I just try to feed at a consistant, twice a day time, that does work for me. My dogs seem to do fine revolving around my schedule, no matter how crazy it is for me. 

So I try to either feed them 2 meals around 10 to 12 hours apart. The 'when' I feed isn't as important as that I break up the meal. In fact sometimes it even works out better to have 3 smaller meals closer to 8 hours apart when I work an afternoon shift. So I feed in the am, then before I go to work, and when I get home. 

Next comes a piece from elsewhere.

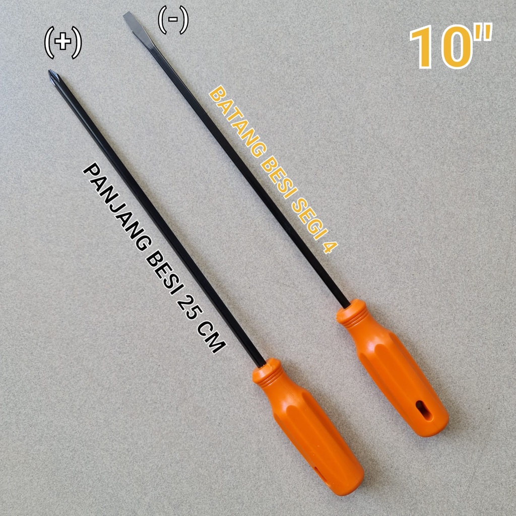 Obeng Panjang 10 INC Besi Segi 4 Gagang Orange

It's the amount/calories in a 24 hour period I am looking at. And I never want only one large meal in that time period.


----------



## Lesley1905 (Aug 25, 2010)

I can't always feed my dogs at the exact same time either. As long as they get fed 2x a day they are happy


----------



## bocron (Mar 15, 2009)

We feed all of our dogs once a day starting around 6 months. Have been doing so for many years. Why does everyone say with such conviction that twice a day is best? Do you have studies saying this is a fact, or is it just because it seems nicer to do?
The vet I worked with for years did a research study with the Army while stationed in Germany on feeding scheduling. Believe it or not, the final result was that the dogs in the program (all GSDs, Boxers and Dobermans) did best when fed every other day! 
We feed once a day (at random times, we don't like the dogs to be checking their watch so to speak) and usually fast one day a week. 
Anecdotally speaking, our personal dogs have all lived to a nice old age (12-14 or so)and have been healthy and hardy. I'm sure a good bit of that has to do with buying dogs from good stock, but some has to do with their living conditions I'm sure.
The only time we feed more than once a day is if we have a dog that has been stressed and needs to gain weight. They can manage a calorie bump better if divided up. Or if we have a pregnant or lactating mom who needs extra calories to keep up with pups and milk production.


----------



## Rerun (Feb 27, 2006)

Heck, none of ours are fed at the exact same time everyday. There are even days that we go visit family in the afternoon and don't get home till evenings (IE: holidays), so they either eat early or late. Generally we opt for later. As a rule of thumb though, ours eat between 7 and 8 am, sometimes as late as 9 (rarely) and then dinner is fed between 6 and 7pm. Usually closer to 7pm. If we go out though, it could get pushed back to 9pm easily.

The youngest gets a lunch at around noon - 1. 

If the only issue you're having is having to push it back an hr or two, etc, then that's not a big deal. He'll survive.


----------